Persistent memory extraction and hierarchical context compression, working together through a hook-driven lifecycle.
After every assistant response, the pipeline evaluates the conversation, extracts structured facts, and stores them for future sessions.
User sends a message and the model responds. This triggers the extraction pipeline asynchronously.
A purpose-built prompt evaluates the exchange and outputs structured JSON. Up to 10 facts per turn, validated against six strict schemas.
Each fact is vectorized into 4096 dimensions via Qwen3-Embedding-8B. If a semantically similar memory exists, it is merged rather than duplicated.

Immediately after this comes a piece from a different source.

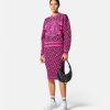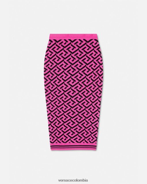 Esta falda de tubo midi, confeccionada en una mezcla de lana, presenta un patrón de La Greca en jacquard y un acabado con ribetes acanalados.

Validated vectors are inserted into Qdrant with rich metadata, partitioned by hashed user ID for strict isolation.
Before each new user message, cosine-similarity search pulls the most relevant memories. Results are formatted by type and injected into the system prompt in under 200ms.
When session history reaches 70% of the model's context limit, the compression engine activates and redistributes content across three tiers.
Most recent exchanges at full fidelity. Uncompressed, immediate context for the active task.
Older exchanges grouped and summarized by the LLM into medium-detail topic blocks.
Ancient project history merged and heavily compressed. High-level summaries preserving only critical information.
Total token count of session history is computed after each assistant response.
If the total is below 70% of the model's absolute context limit, no action is taken.
The engine calculates which tier is most over its allocated ratio (50/30/20).
The most over-budget tier's oldest entries are summarized by the LLM and pushed down the hierarchy.
Audit and summarization repeat iteratively until all tiers fit within budget. State is persisted in SQLite.
Runtime and language. Type safety across the entire codebase with Bun's native file and process APIs.
Vector database for persistent memory storage. Cosine-similarity search filtered by user ID.
Session state, compression state, configuration, and provider registry. ACID-compliant with proper concurrency.
Embedding generation, deduplication logic, and memory lifecycle management framework.
4096-dimensional embeddings via OpenRouter for high-fidelity semantic search.
OpenRouter, Anthropic, OpenAI, and Google for extraction, summarization, and primary chat inference.
All memory and compression operations run outside the critical chat path.